I am building a MPI application using mpi4py (1.3.1) and openmpi (1.8.6-1) in Arch Linux ARM (on a Raspberry Pi cluster, to be more specific). I've run my program successfully on 3 nodes (4 processes), and when trying to add a new node, here's what happens:
Host key verification failed.
--------------------------------------------------------------------------
ORTE was unable to reliably start one or more daemons.
This usually is caused by:
* not finding the required libraries and/or binaries on
one or more nodes. Please check your PATH and LD_LIBRARY_PATH
settings, or configure OMPI with --enable-orterun-prefix-by-default
* lack of authority to execute on one or more specified nodes.
Please verify your allocation and authorities.
* the inability to write startup files into /tmp (--tmpdir/orte_tmpdir_base).
Please check with your sys admin to determine the correct location to use.
* compilation of the orted with dynamic libraries when static are required
(e.g., on Cray). Please check your configure cmd line and consider using
one of the contrib/platform definitions for your system type.
* an inability to create a connection back to mpirun due to a
lack of common network interfaces and/or no route found between
them.

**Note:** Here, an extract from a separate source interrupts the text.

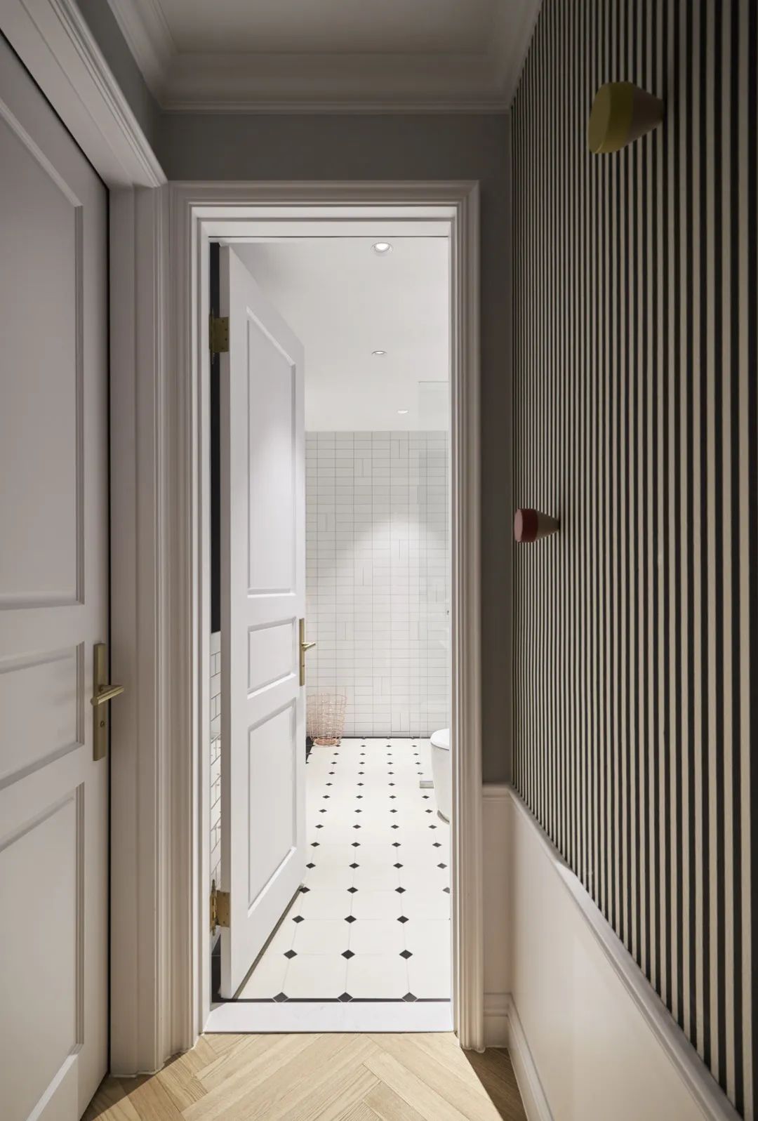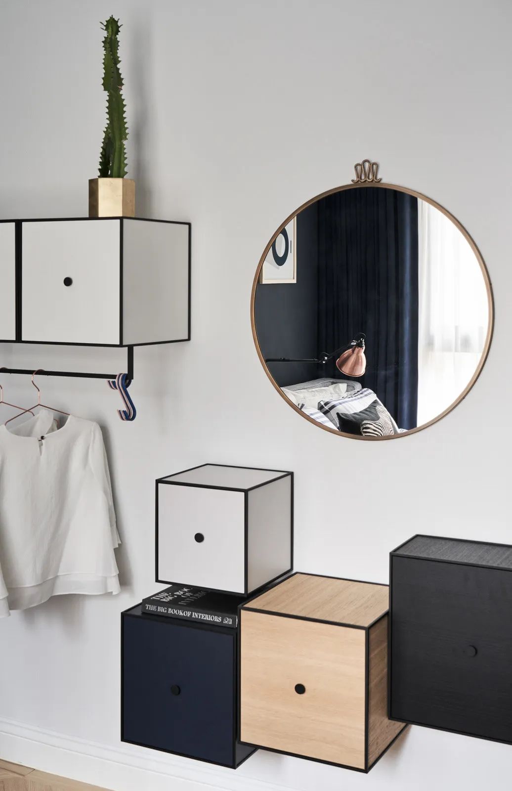 侧边墙面的方形收纳架以黑白木三色的组合,结合一面圆镜,呈现出一种独特优雅的时尚感。

Please check network connectivity (including firewalls
and network routing requirements).
The funny thing is, the ssh keys are fine, since I'm using the same nodes (I can remove any entry of the host file, add the new node, and it will work, so I am pretty sure that the problem is not with a misconfigured ssh setup. It only happens when I use 5 processes).
Could this be a bug in the library of some sort?
Here's my host file
192.168.1.26 slots=2
192.168.1.188 slots=1
#192.168.1.202 slots=1 If uncommented and run with -np 5, it will raise the error
192.168.1.100 slots=1
Thanks in advance!